David Thorpe: A Rare and Gentle Beast

Left: Sanderson Emerged oak, metal, ceramic  Right: exhibition view upstairs gallery. Images courtesy of Maureen Paley, London
Sanderson Emerged oak, metal, ceramic Right: exhibition view upstairs gallery. Images courtesy of Maureen Paley, London

William Kherbek reviews the fourth solo exhibition by British artist David Thorpe at Maureen Paley, London

There’s a school of thought that proposes genius is manifested by making the difficult look effortless. If that’s the case, then David Thorpe, whose show, A Rare and Gentle Beast, is currently running at the Maureen Paley Gallery in Bethnal Green, is doing his best to resist any accusations of “genius”; his works are, literally, object lessons in making the difficult look difficult.

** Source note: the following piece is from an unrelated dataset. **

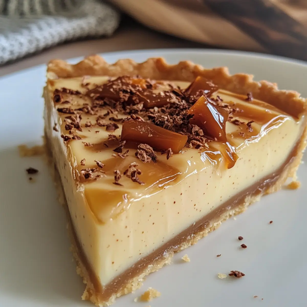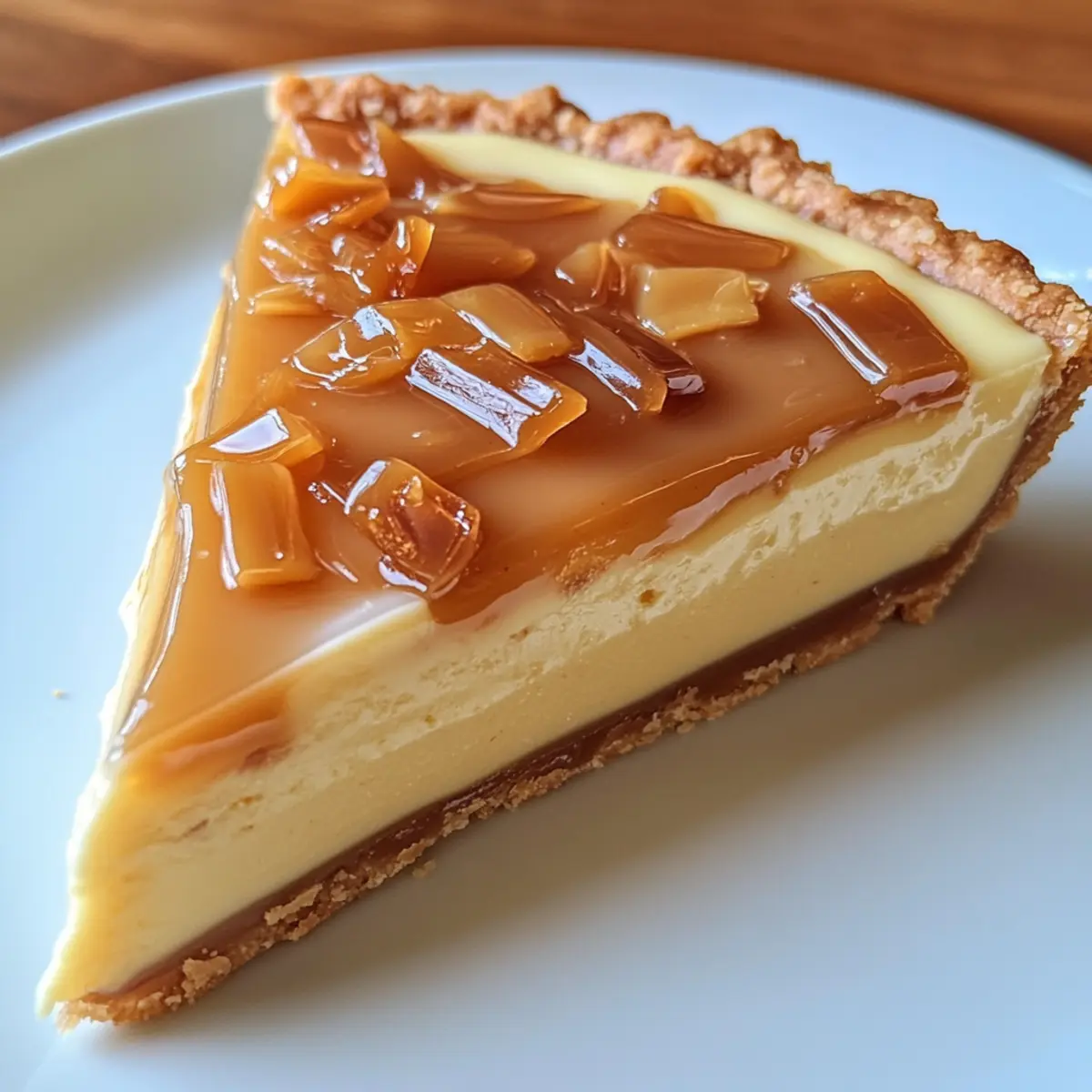 - Once the Eggnog Crème Tart is set, remove it from the refrigerator. Top with caramel shards just before serving for a delightful crunch.

For Thorpe, following in the intellectual tradition of John Ruskin and William Morris, process is itself a proper subject matter for art. Readers acquainted with the theoretical models and movements which have followed Morris, et al will perhaps feel their skepticism aroused by this kind of open-hearted commitment to “honouring traditional methods” as Thorpe’s press release intones. Isn’t there something a bit po-faced about all this “honouring” and valourising? This being art, matters are never as simple as that.

One of the ways Thorpe resists accusations of being an aesthetic reactionary is in the careful way the show is laid out. Entering the spacious downstairs of the gallery, the first thing you see is nothing. Well, not exactly nothing; an obtrusive jut of white wall is what you see. Only after you make your way around this architectural intrusion can you see the works, and they are very much worth seeing. As you might expect given the heavy emphasis on traditional methods, there is a familiarity about the geometric formations that make up works like Sanderson Emerged, a thick ceramic piece which is something like a wall and a sculpture at the same time. It’s Thorpe’s capacity to liberate these methods and materials from their historic applications that announces his self-conscious modernity — or is that post-modernity?

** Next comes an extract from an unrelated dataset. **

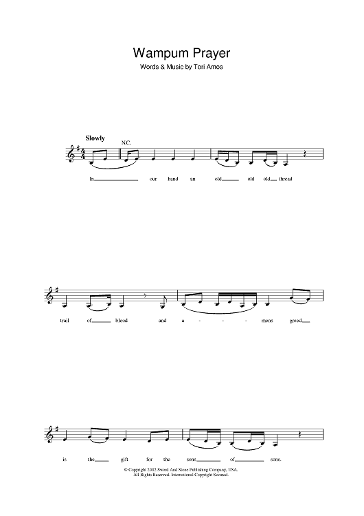 Digital Sheet Music for Wampum Prayer by Tori Amos scored for Lead Sheet; id:392145

The piece which is referenced in the title of the show, A Rare Beast, is another “wall/sculpture” that nicely asserts its physicality, but really comes into its own when a mournful, low-pitched moan emanates from it. When you consider that the piece is composed of hair, dung, rabbit skin, and clay all kinds of narratives begin to proliferate. It’s hardly “organic” in any normal sense of the term, but there’s an irreducible vitality to it which would probably have gotten Thorpe burned at the stake in the Middle Ages. As an installation, the downstairs has more aesthetic unity than the upstairs, which feels more like a collection of works of art than a field of experience. Despite this fact, works like Gangraena, a plank of ancient oak treated with glue, chalk, and—of course—rabbit skin demand and repay attention.

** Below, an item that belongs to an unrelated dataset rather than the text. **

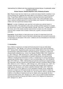 Aim Physical abuse has been linked to poor mental and physical health in adulthood, more recently findings have suggested that these effects can be present in children as young as three. Though these effects are known, research exploring interventions specifically for children who have experienced physical abuse is scarce. The current systematic review uses a narrative synthesis approach to examine studies which reported on interventions for children who have experienced physical abuse. Method A number of databases were searched, and studies were selected based on hierarchical criteria. This systematic review used a narrative synthesis approach to evaluate the interventions involved in the studies selected. Results: There were 17 studies included in this review, each of the studies reported improvements in at least one of the necessary outcome areas evaluated which included: behavioural, cognitive, and socio-emotional outcomes. Conclusion Overall efficacy of interventions was not able to be determined due to the heterogeneity of the studies, however theoretical underpinnings and successful components of interventions are discussed in this review. Limitations and recommendations for the future are also addressed.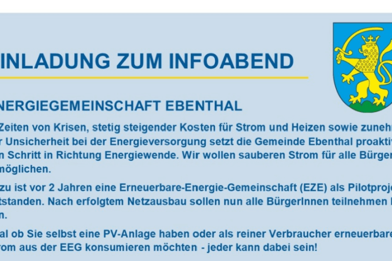 Gemeinsam zu einer neuen, nachhaltigen Energieversorgung — das ist das Ziel der Erneuerbare-Energie-Zukunft (EZE) Ebenthal.…

There is a series of works in the show modeled on various human bones. The pieces are displayed in both galleries. Titled These Are Our Bones, Grown Dressed then Cloaked, it, at times, falls victim to Thorpe’s fetishisation of meticulous process, but, when individual pieces work, their eerie eloquence is riveting. For me, the patella displayed in the downstairs installation is most affecting. Unassumingly resting on a shelf at the south end of the gallery, as you approach it, the patella morphs from sculpture to stone to bone. True to Thorpe’s aesthetic, the process isn’t rapid, but the results are durable.